In [2]:
import numpy as np
import pandas as pd
from sklearn.linear_model import SGDRegressor
from sklearn.metrics import mean_squared_error
from sklearn.preprocessing import StandardScaler
from sklearn.model_selection import train_test_split

np.random.seed(42)
locations = ['Los Angeles, CA', 'San Francisco, CA', 'Austin, TX', 'Miami, FL', 'New York, NY', 'Denver, CO', 'Chicago, IL', 'Seattle, WA', 'Atlanta, GA', 'Boston, MA']
conditions = ['Good', 'Excellent', 'Fair']
nearby_transport_options = ['Yes', 'No']

data = {
    'Location': [np.random.choice(locations) for _ in range(11000)],
    'Bedrooms': np.random.randint(1, 5, size=11000),
    'Bathrooms': np.random.randint(1, 4, size=11000),
    'Size_SqFt': np.random.normal(loc=1500, scale=300, size=11000),
    'Lot_Size_SqFt': np.random.normal(loc=5000, scale=1000, size=11000),
    'Year_Built': np.random.randint(1950, 2024, size=11000),
    'Condition': [np.random.choice(conditions) for _ in range(11000)],
    'Days_on_Market': np.random.randint(10, 90, size=11000),
    'Interest_Rate (%)': np.random.uniform(2.5, 5.0, size=11000),
    'Median_Income ($)': np.random.normal(loc=80000, scale=15000, size=11000),
    'School_Rating': np.random.randint(5, 10, size=11000),
    'Walkability_Score': np.random.randint(50, 100, size=11000),
    'Nearby_Transport': [np.random.choice(nearby_transport_options) for _ in range(11000)],
}

df = pd.DataFrame(data)

df['Sale_Price ($)'] = (100000 +
                        df['Bedrooms'] * 30000 +
                        df['Bathrooms'] * 20000 +
                        df['Size_SqFt'] * 200 +
                        df['Lot_Size_SqFt'] * 10 +
                        df['Median_Income ($)'] * 0.5 +
                        np.random.normal(0, 20000, size=11000))

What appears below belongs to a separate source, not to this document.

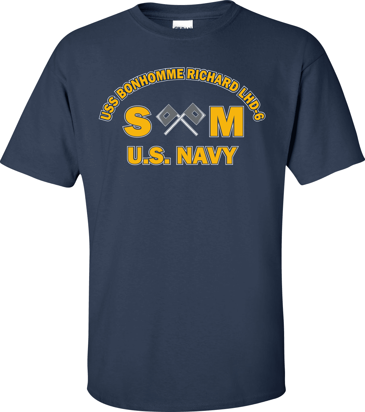 MilitaryBest is proud to offer this USS BONHOMME RICHARD LHD-6 Rate SM Signalman T-Shirt. This shirt is available as a 100% cotton t-shirt or a 100% polyester men’s or women’s moisture wicking t-shirt. Each shirt is proudly printed in the USA.

df['Location'] = df['Location'].astype('category').cat.codes
df['Condition'] = df['Condition'].astype('category').cat.codes
df['Nearby_Transport'] = df['Nearby_Transport'].apply(lambda x: 1 if x == 'Yes' else 0)

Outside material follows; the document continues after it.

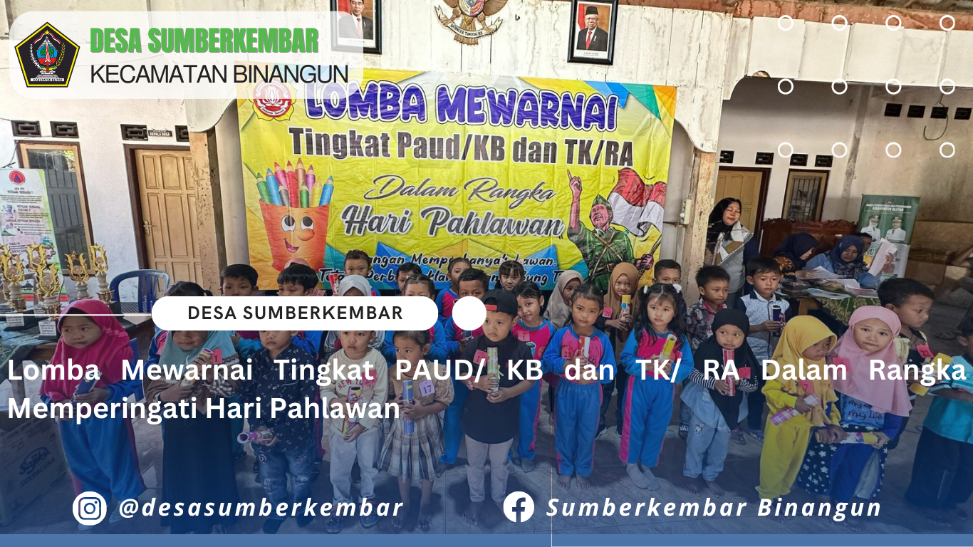 Pada hari Minggu (19/11/2023) Karang Taruna Sumber Yekti Desa Sumberkembar dalam rangka memperingati Hari Pahlawan telah mengadakan Lomba Mewarnai Tingkat PAUD/ KB dan TK/RA yang di ikuti oleh seluruh siswa siswi PAUD dan TK se-Desa Sumberkembar. Kegiatan ini merupakan kegiatan rutinan dari Karang Taruna sendiri dalam memperingati PHBN ataupun PHBI, tahun ini Karang Taruna Sumber Yekti Desa Sumberkembar mengambil tema Hari Pahlawan dengan harapan generasi muda lebih mengenali para pejuang yang sudah memperjuangkan kemerdekaan NKRI itu sendiri selain itu kegiatan lomba ini juga di harapkan untuk menambah wawasan, kreativitas, dan juga kepercayaan diri dari para murid tersebut.

df.drop(columns=['Year_Built'], inplace=True)
scaler = StandardScaler()
scaled_columns = ['Size_SqFt', 'Lot_Size_SqFt', 'Days_on_Market', 'Interest_Rate (%)', 'Median_Income ($)', 'School_Rating', 'Walkability_Score']
df[scaled_columns] = scaler.fit_transform(df[scaled_columns])

X = df.drop(columns=['Sale_Price ($)'])
y = df['Sale_Price ($)']

X_initial_train, X_new_data = X[:10000], X[10000:]
y_initial_train, y_new_data = y[:10000], y[10000:]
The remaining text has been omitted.